The priest handed the bent figure a brilliant, jeweled knife. It seemed that he stared forever at the sacred, yet deadly instrument while still tenderly stroking his precious lamb’s muzzle. He took the expensive instrument of death in his right hand. Aaron gently reached down to steady any giddiness in the small creature. He needn’t have. The animal was perfectly still and gazing unafraid at his master. With one wiry hand on the lamb’s head, the old man slowly brought the glistening blade next to the animal’s throat.

Tubal screamed as the blade performed the sacred and bloody task which was its only reason for being. The liquid of life flowed forth form the animal splashing onto the crouching figure and Aaron, the priest. At the altar, in the Tent of Meeting, the priest presented the blood to the Lord. This sacrifice of life was over.

An eye for an eye, a tooth for a tooth, and now a life for a life. For a time, at least payment for sin was delayed.


Many, many, many years passed and countless sacrifices were offered.

Another Father and Son talked.

“Son, the fullness of time has come.”

“Yes, Father, indeed that time has come.”

“My Holy Spirit will go with you.”

“Father, I will please you.”


“Who is that pitiful creature,” screamed a street vendor to his neighbor who could barely understand him over the throng of people screaming and loitering in the way.

“I don’t know for sure. Heard someone say he was a criminal. Convicted of some state treason or something or other,” he yelled back.

The man carrying the heavy, rough splintered wood was barely able to put one foot before the other. His head had some sort of vine, no, no–a thorny vine wrapped around it. The flesh yielded to the woody thorns that penetrated deep to the bone, and the blood oozed in wide streams. Some of it was dried giving perceptive eyes reason to supect head had borne the terrible head covering for some time.

His eyes were blackened and swollen from the fists of the soldiers.
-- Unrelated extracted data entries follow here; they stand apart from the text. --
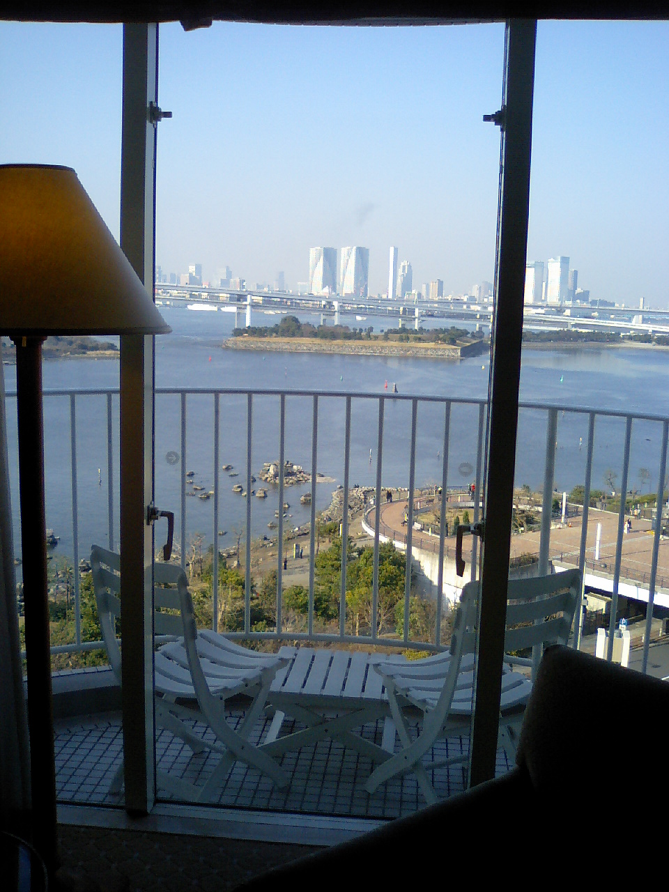 先にはフジテレビとその横に本日宿泊先ホテル日航東京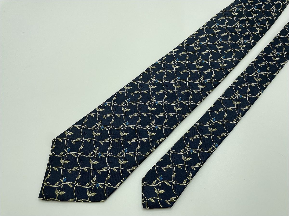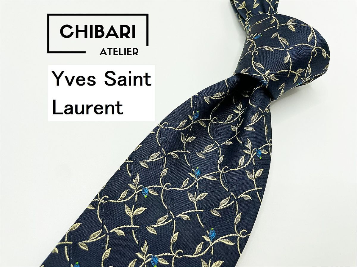 【超美品】YvesSaintLaurent サンローラン 花柄 ネクタイ 3本以上 送料無料 メンズ ブラックネイビー 0904113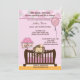 Tem um doce bebê macaco no berçário. Um lindo celular para bebês decorado com uma girafa, macaco, elefante e zebra adornam o berço. Apresenta sombras do tema de cores original (cor-de-rosa/lavanda) do ORCHID. Este convite ao chá de fraldas MonkeyHutDesigns coordena-se com qualquer tema de safari da selva e é excelente de uma RAPARIGA. (Design nº: ISMO-0036 (Macaco Orquídeo)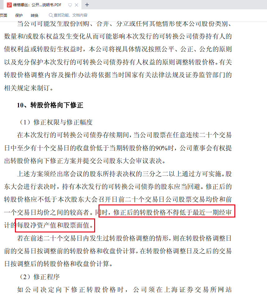 较高者,同时修正后的转股价格不低于最近一期经审计的每股净资产和股票面值。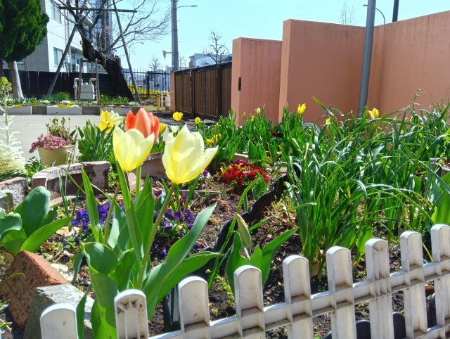 正門の花壇、卒業生が植えたチューリップが咲き始めました。(副校長)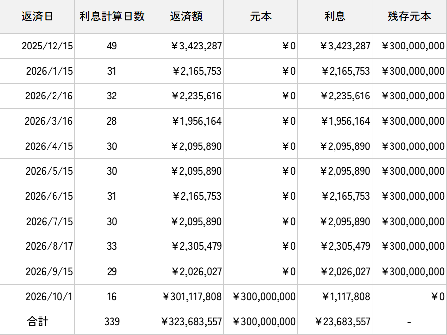 - ※返済日(返済日が土日祝日の場合は翌営業日)を基準に月ごとに金利の計算を行っているため、誤差が生じる場合がございます。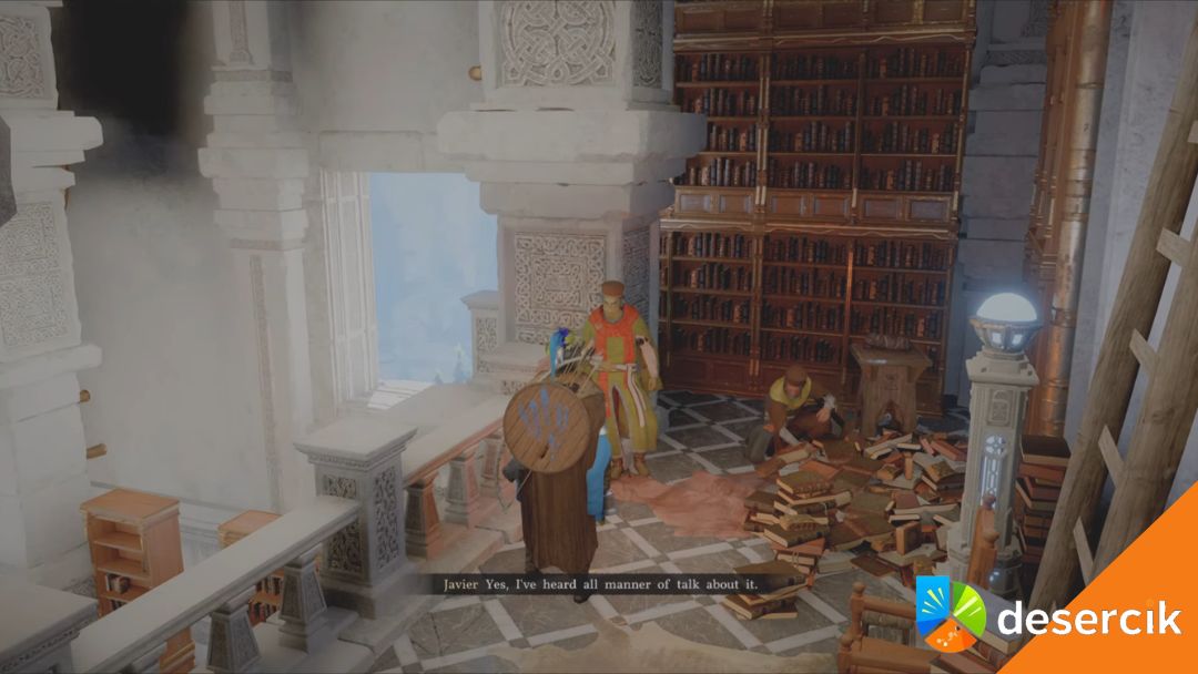 Javier – skręćcie na zachód i przemieśćcie się do jego lokalizacji. Gdy dotrzecie na wyższe piętro, porozmawiajcie z asystentem bibliotekarza. Javier twierdzi, że przebywa w bibliotece codziennie jako pomocnik i zakazana księga nic mu nie daje, bo nie zna starożytnego języka. Wskazuje, że problem mógłby leżeć poza instytutem – być może jest nim ktoś z zewnątrz.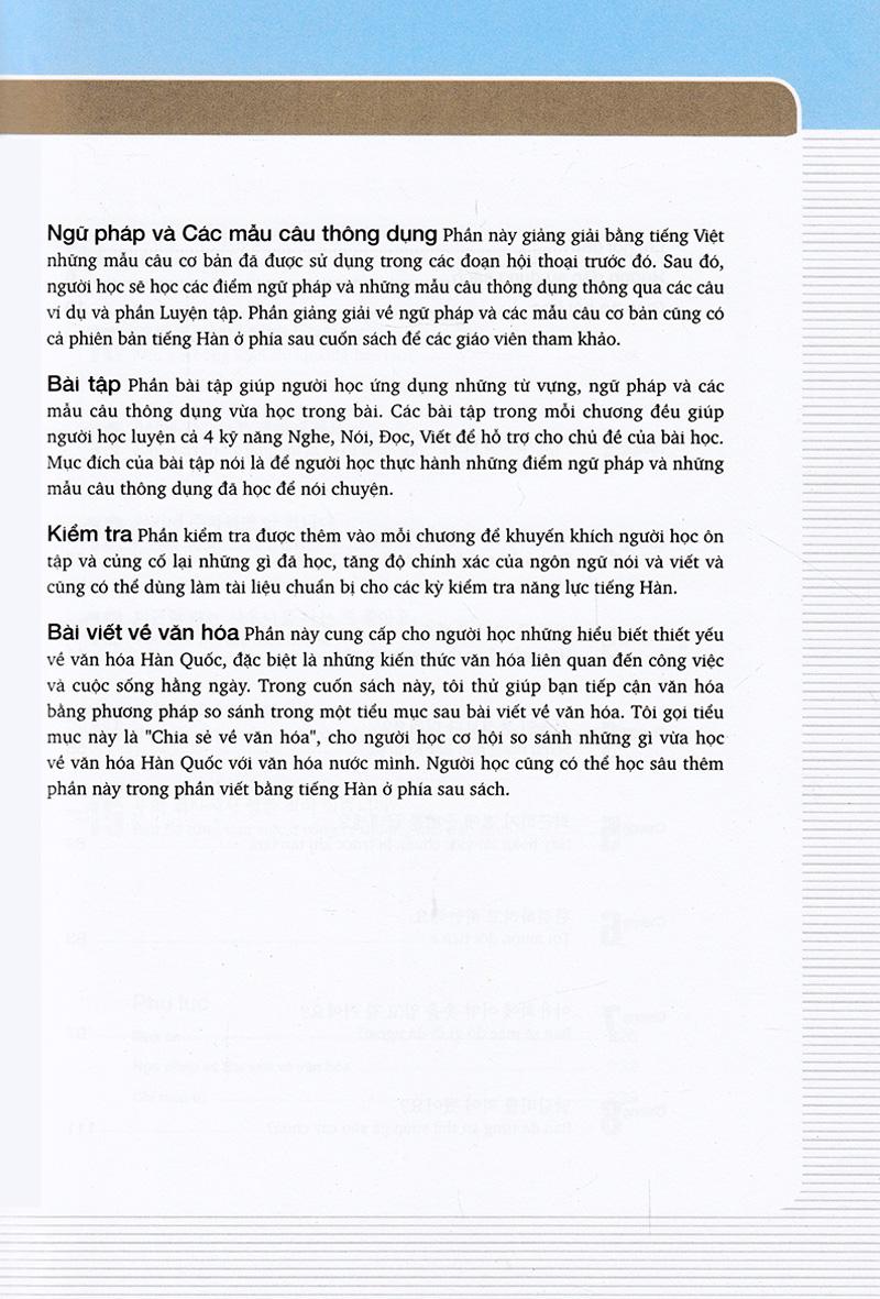 Tiếng Hàn Tổng Hợp Dành Cho Người Việt Nam - Sơ Cấp 1 Trong những năm gần đây, nhu cầu học tiếng Hàn và tìm hiểu về văn hóa Hàn Quốc đang có xu hướng tăng lên. Người học tiếng Hàn rất mong muốn có được một bộ giáo trình chuẩn, được biên soạn một cách tỉ mỉ và hữu ích nhất. Giáo trình tiếng Hàn tổng hợp lần đầu tiên được trao bản quyền chính thức tại Việt Nam Hiểu được điều đó, ngày 4-7, Đại diện chính phủ Hàn Quốc, ngài Woo Hyeong Min – Trưởng đại diện Văn phòng Quỹ giao lưu Quốc tế HQ tại Việt Nam cùng GS.TS.NGƯT Mai Ngọc Chừ – Chủ tịch Hội Nghiên cứu khoa học về Hàn Quốc của Việt Nam (KRAV) đã trao quyết định cho phép Công ty Cổ phần sách MCBooks của Việt Nam được xuất bản cuốn sách này tại thị trường Việt Nam. Và đây chính là bộ giáo trình tiếng Hàn tổng hợp đầu tiên có bản quyền chính thức có mặt tại Việt Nam. Cũng theo ông Woo Hyeong Min, Thực tế đây là bộ giáo trình chính thống mà tất cả người học tiếng Hàn tại Việt Nam cần sử dụng. Tuy nhiên nhiều năm qua bộ sách đến tay người dùng đều là sách lậu nên chưa đạt được kết quả mà chính phủ Hàn muốn mang tới Việt Nam. Do đó Chính phủ Hàn Quốc đã quyết định tìm 1 đơn vị xuất bản uy tín của Việt Nam để giúp họ mang đến cho người học những cuốn sách tiếng Hàn chất lượng tốt với giá cả hợp lý. Bộ giáo trình được Hội nghiên cứu khoa học Hàn Quốc của Việt Nam biên soạn và hiệu đính. Bộ giáo trình sẽ giúp nâng cao hiệu quả trong việc sử dụng ngôn ngữ Hàn sau tiếng mẹ đẻ và tiếng Anh, là nền tảng giúp người lao động Việt Nam nhận được những vị trí làm việc cao trong doanh nghiệp Hàn Quốc. Đây cũng là cách để thúc đẩy quan hệ hợp tác về văn hoá và giáo dục giữa hai nước trong thời gian tới. Giới thiệu cuốn Giáo trình tiếng Hàn tổng hợp dành cho người Việt Nam – Sơ cấp 1 Giáo trình tiếng Hàn tổng hợp dành cho người Việt Nam – Sơ cấp 1 được biên soạn dành cho người Việt Nam muốn học tiếng Hàn ở trình độ sơ cấp. Sách được biên soạn nhằm hướng tới việc sử dụng được trong các tiết học tiếng Hàn tại giảng đường đại học nên mỗi bài học được chia thành nhiều phần như: Lý thuyết cơ bản gồm từ vựng và cấu trúc ngữ pháp; phần luyện tập theo 4 kỹ năng giao tiếp như: Nghe – Nói – Đọc – Viết, phần luyện phát âm, phần tìm hiểu văn hóa… Các chủ đề trong sách được sắp xếp một cách có hệ thống và liên quan chặt chẽ với nhau. Giáo trình tiếng Hàn tổng hợp được biên soạn kèm theo một cuốn sách bài tập hỗ trợ giúp người học ôn tập kỹ hơn và có thể luyện tập nâng cao trong những trường hợp cần thiết. Nội dung trong Giáo trình tiếng Hàn tổng hợp – Sơ cấp 1 2 cuốn sách trong bộ Sơ cấp được xây dựng với 30 bài khóa và bảng chữ cái. Trong đó quyển 1 gồm phần bảng chữ cái và 15 bài đầu. Học hết quyển 1, bạn sẽ học đến quyển sơ cấp 2 với 15 bài còn lại. Cấu trúc tổng thể của giáo trình được xây dựng theo các chủ đề; mỗi chủ đề được liên kết thống nhất với một hệ thống các từ vựng và cấu trúc ngữ pháp cơ bản, bài tập ứng dụng, kỹ năng và tìm hiểu văn hóa. Trong mỗi bài học, nội dung học được chia thành các phần như: luyện từ vựng, luyện ngữ pháp cơ bản, luyện tập kỹ năng nghe – nói – đọc – viết, luyện phát âm, tìm hiểu văn hóa của đất nước Hàn Quốc xinh đẹp. Và kết thúc mỗi bài đều có thêm bảng từ mới xuất hiện trong bài học. Phần cuối của sách, các tác giả đưa ra hệ thống từ mới được sắp xếp theo thứ tự của bảng chữ cái. Đây là những từ không xuất hiện trong phần ngữ pháp, từ vựng cơ bản; nhưng lại xuất hiện nhiều ở phần luyện tập của từng bài.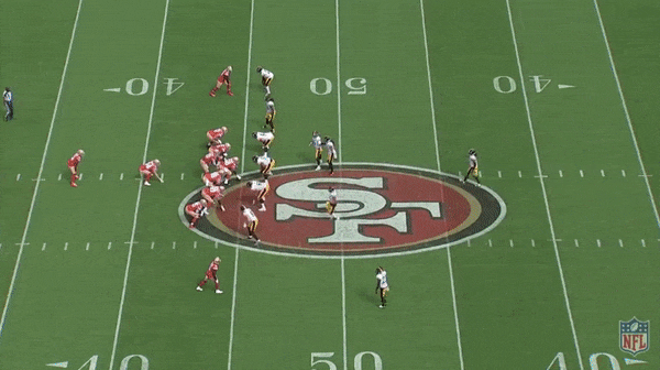 That last predicament burned the Steelers when the two teams met in Week 3. On a first-and-10 near midfield late in the first quarter, the Niners lined up in 21 personnel (two backs, one tight end, two receivers) with Juszczyk as an I-formation fullback. At the snap, Juszczyk shot out of his stance and made a beeline toward linebacker Mark Barron in what looked like a simple lead run. But just before contact, Juszczyk slipped down the field and caught a pass for a 27-yard completion.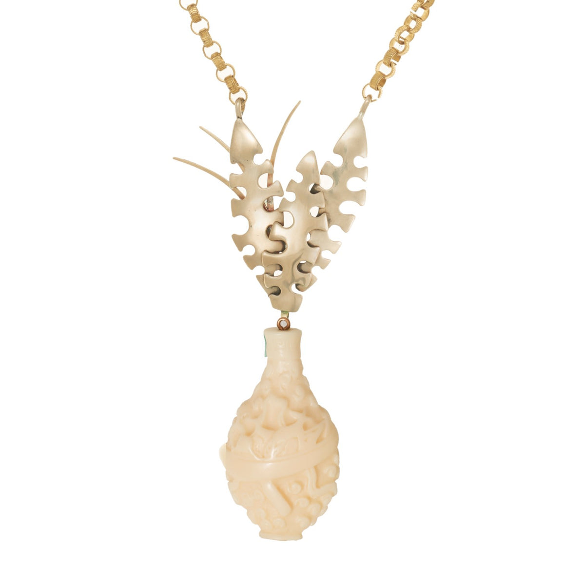 This Vase Necklace In Fresh Cut Green by Castlecliff is a quirky and unique piece that adds a vintage touch to any outfit. It features a vintage resin vessel charm from the 1950s with a unique color pattern, from which brass palm fronds branch out. The necklace is handmade and finished in NYC, and each piece is a testament to the hands that created it.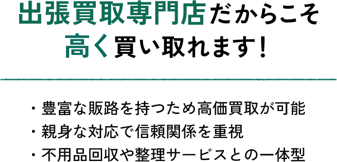 | 事業内容 | 買取・遺品整理・生前整理・不用品回収 |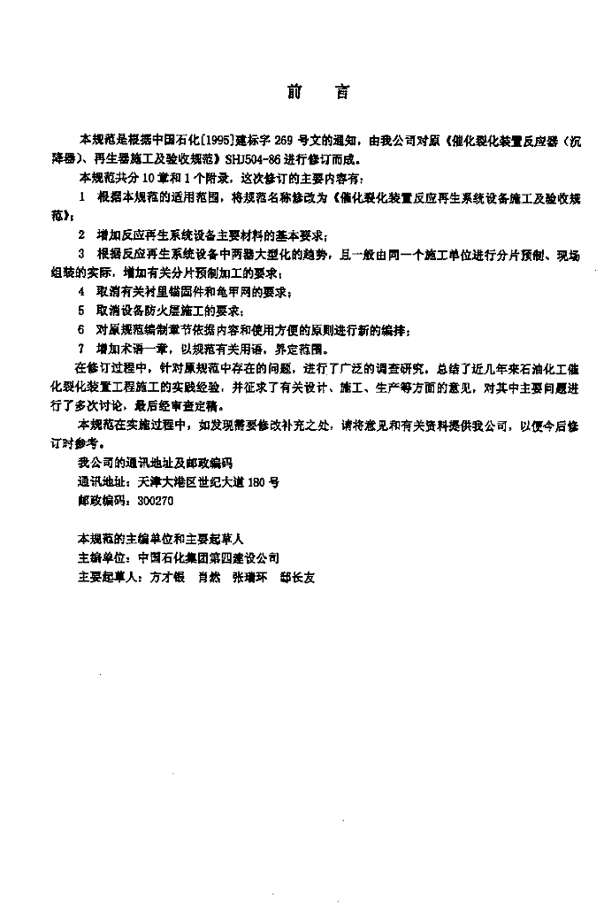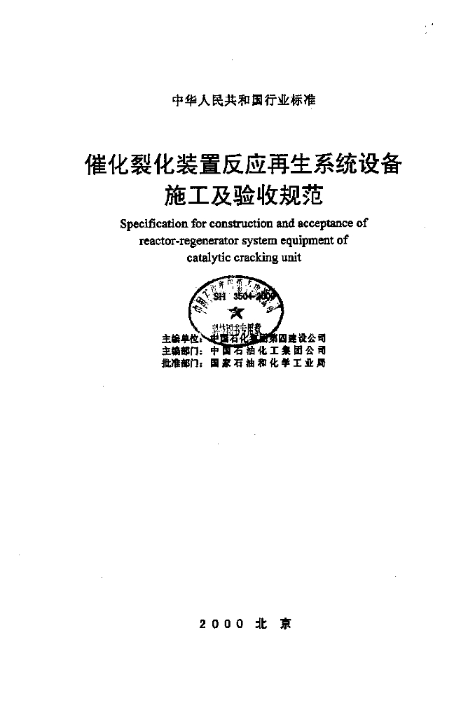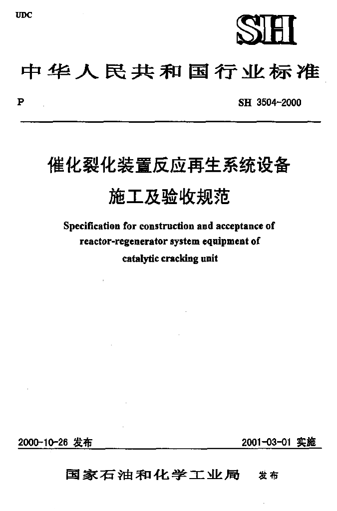 SH 3504-2000 催化裂化装置反应再生系统设备施工及验收规范

His lips were protruding and distorted, and blood drooled from his mouth. Numerous blows to  his arms, torso, and back left their scarlet impressions. Deep gouges that opened like gorges showed the work of the whip on his back.

“He’s a pitiful sight,” said the street vendor again to himself. He held his young son close to him. Wasn’t it enough that his son had to endure the bloody sacrifices at the temple. When would enough be enough?

The condemned man crumpled before the street vendor, and he and his son could not ignore the cruelty before them.

“You there!” shouted the soldier–that hated foreign soldier. “You carry this for him.”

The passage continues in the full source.